Luchan - A Framework for Analyzing Communication according to Niklas Luhmann on 4chan Using Graph Measures and Topic Modelling
This is the repo where I present the code I use during my masters thesis. The goal of the thesis is to research if there are communication structures that are reproducing themselves within similar topics. The theoretical background for this research is given by the assumptions of Niklas Luhmann on communication within social systems.
It contains:
- the scraper I used to collect the data from the 4chan API
- the extractor for mining the relevant data from the text, like the id's used to create the thread networks, the quotes etc.

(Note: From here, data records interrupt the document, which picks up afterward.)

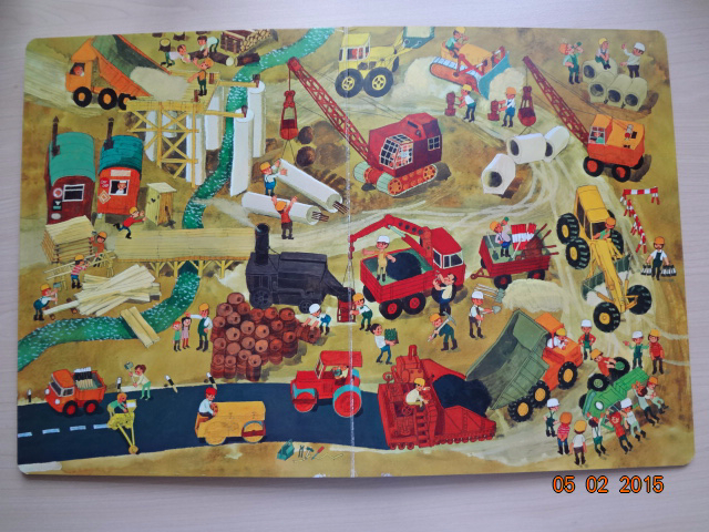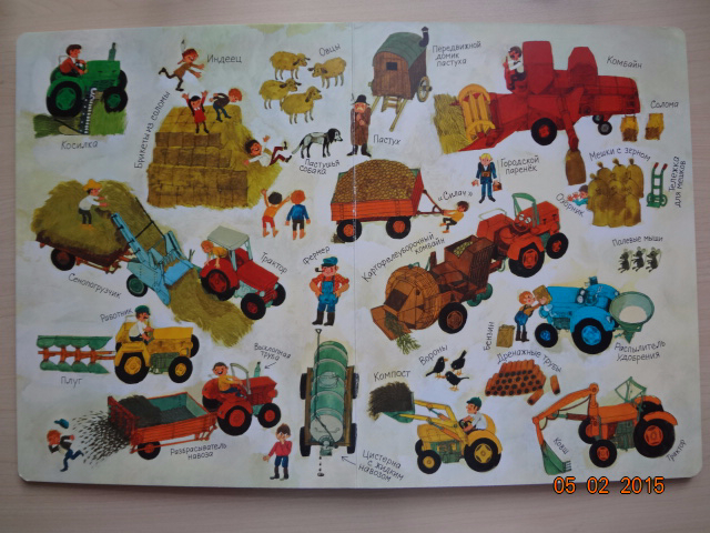 Сейчас конечно "читали" "гляделку" совсем на другом уровне, чем в прошлом году. Андрюша сам придумывал сюжет и комментировал картинки. Здесь можно просто называть спецтехнику, действия персонажей, обсудить времена года, а можно придумать целую историю! В книге есть развороты с картинками и подписями к ним. Вообщем, долгоиграющая книжка для визуалов.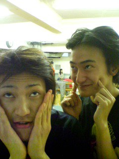 みなさんおかげプラスアルファー僕は血液型がO型のせいか!?すぐに前向きになれましたよ!みなさんからの励ましの声嬉しかったです(>_<)Thank you(^^)★ 今日の写真は、ミュージカル『葉っぱのフレディ』で今年僕がやった役を去年までやっていた事務所の先輩の菊地創さんです(←創さんは歌がめちゃめちゃ上手い方なんですよ!創さんと初めて知り合った日にすぐ仲良しになりました★僕とキャラが似てます!!)(^.^)…二人で変顔をしてしまいました(^_^;)誰?この左側のブサイクは!!って思いますよね(^_^;)僕です(:_;)ファンの方々ごめんなさい。イメージダウン!?やばっ(゜_゜まったまにはOK^^;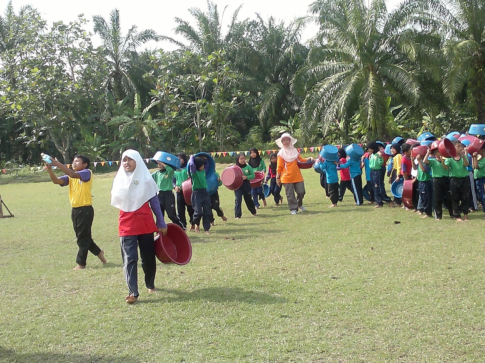 Selepas itu, kami sempat bergambar dan kemudian diadakan acara permainan bagi guru lelaki dan perempuan. Biasalah guru lelaki dengan bola sepaknya dan guru perempuan dengan sukaneka. Oleh kerana aku lebih kepada guru perempuan , maka ku rakamkan acara ini. Antaranya, bolinh kelapa, bola beracun dan menjaringkan bola yang ada air ke dalam gol (tudung) yang dipegang oleh dua orang guru.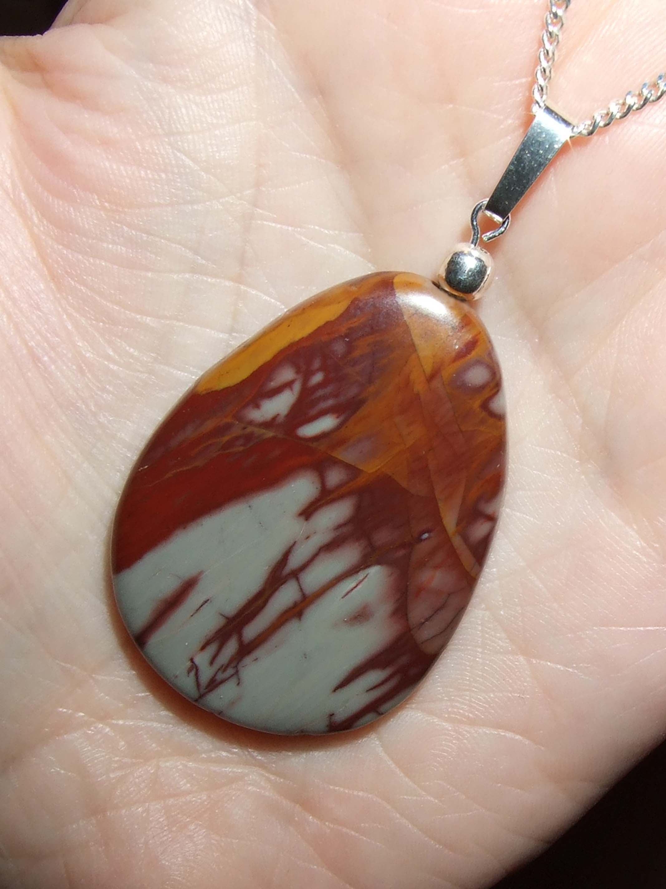 Und hier zeige ich euch meine schöne Steinscheibe aus rot-weiß gemaserten Jaspis in Freeform. An den Rändern wurde sie auch etwas nachgeschliffen. Auch solche Formen wie auch die Farbe mit der tollen Maserung des Steines finde ich wunderschön. :D

- the graph_pipeline for extracting the network features
- the nlpipe for creating the topic model (NlPipe_sk.py contains the old implementation in sklearn. I switched to gensim due to their implementation of the coherence score for testing the quality of the lda model.)
- not implemented yet: code for subgroup discovery
- maybe also the data I collected
At the beginning of the thesis I only had access to a limited data set (~160k threads from 4chan.org/b/). Due to that, I opted for topic modelling and common graph measures. Specially for the latter, this also enables a better interpretability, compared to embedding methods. During my exploration I also collected about 1m-1.5m additional threads from several boards. Also another dataset containing ~3.3m threads from 4chan.org/pol/ got released. With this amount of data, I can also consider graph and document embeddings, if this doesn't go beyond the scope of a masters thesis.